Wednesday, March 24, 2010

The problem with the Contract from America ~ By Joseph Farah

In the following column, Joseph Farah talks about the mistake of having too many narrow goals and issues in the Tea Party Movement, and it stems from the attempt to have a "big tent." Joseph says it's a mistake, and it isn't necessary.
But we can all unite on two principles:
  • That we have an established Constitution that governs our affairs as the basis for the rule of law in this country, and it must be observed both in spirit and by the letter;
  • That we seek to live as a self-governing people with accountability to God, not government, and have the right today, as yesterday, to pursue "life, liberty and the pursuit of happiness."
That's it.

Why do we need to say more?
By Joseph Farah

Posted: March 24, 2010 ~ 1:00 am Eastern

© 2010

I love the tea-party movement.

As I have repeatedly said, I think it is the greatest grass-roots political uprising in America in my lifetime – not just in size, but in spirit.

But I have a warning for the rank-and-file activists as well as the leaders – all good people with the best of motivations and intentions.

The Contract from America, is a document that does the movement a grave disservice – constraining it to concerns about relatively narrow issues, most of which are materialistic, rather than broad-stroke themes reminiscent of what America's first tea partiers, the Founding Fathers, drafted in 1776.

But you decide.

In 1776, the founders wrote the boldest vision for a future of independence, liberty and self-government the world had ever seen – and none has rivaled its passion, its eloquence or its primacy since.

"We hold these truths to be self-evident, that all men are created equal, that they are endowed by their Creator with certain unalienable Rights, that among these are Life, Liberty and the pursuit of Happiness. – That to secure these rights, Governments are instituted among Men, deriving their just powers from the consent of the governed, – That whenever any Form of Government becomes destructive of these ends, it is the Right of the People to alter or to abolish it, and to institute new Government, laying its foundation on such principles and organizing its powers in such form, as to them shall seem most likely to effect their Safety and Happiness," it said in part.

Yes, it's true the founders had some specific grievances that were stated plainly.

But, more importantly, the Declaration of Independence was a statement not so much about what the founders were against as what they were for – stated plainly, "life, liberty and pursuit of happiness."

They didn't limit their concerns to those that were economic. In fact, the colonists had it pretty good economically. True, they didn't appreciate taxation without representation, but they didn't say, "Look, it's the economy, stupid."

They made it clear what they wanted was the freedom to govern themselves under God's authority. They didn't look for government to grant them favor. They spoke of being "endowed by their Creator with certain unalienable rights." Government was supposed to be in the business merely of protecting those rights, not granting them.

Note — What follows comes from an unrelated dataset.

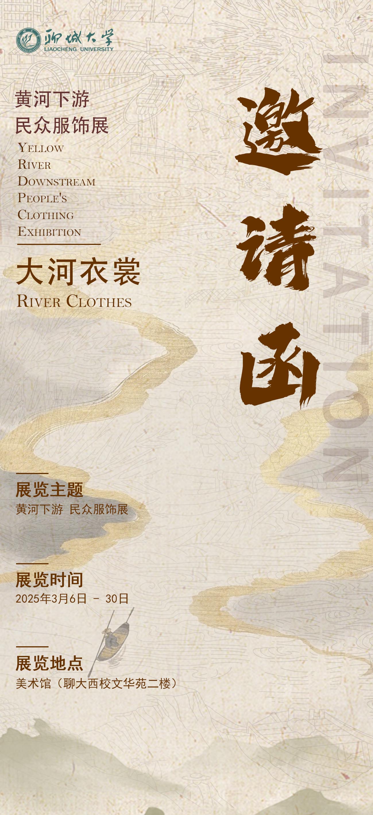明日,让我们循着衣襟上的纹路,溯源母亲河的脉搏,聆听岁月缝纫的故事。以指尖丈量文明的厚度,用目光打捞沉浮的华彩。当灯光照射在展柜的玻璃,这些沉睡的衣裳将在您的注视中苏醒。3月6日 跳蛋 美术馆,我们不见不散!
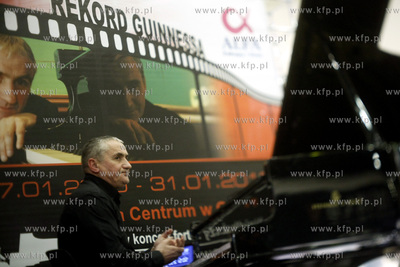 Gdansk. Centrum handlowe Alfa Centrum. Niezwykla probe ustanowienia nowego swiatowego rekordu w najdluzszej grze na fortepianie podejmuje znany podroznik Romuald Koperski. Obecny rekord w tej kategorii wpisany do Ksiegi Guinnessa nalezy do Wegra Charlesa Brunnera i wynosi 101 godz.7 min. Rekord ten zostal ustanowiony w stolicy wyspiarskiego panstwa Trinidad and Tobago w Hotelu Crowne Plaza Hotel of Spain, w 2008r. 28.01.2010 fot. Krzysztof Mystkowski / KFP

Look at the specific grievances. Few were economic in origin:

  • Government was failing to do its job
  • Government was exceeding its authority
  • Government was violating individual rights
  • Government was obstructing immigration laws
  • Government was obstructing justice
  • Government was turning the land into a police state
  • Government was superseding the established laws of the land
Sound familiar?

That's exactly what Americans are enduring once again in our own country at the hands of a government in Washington, not London.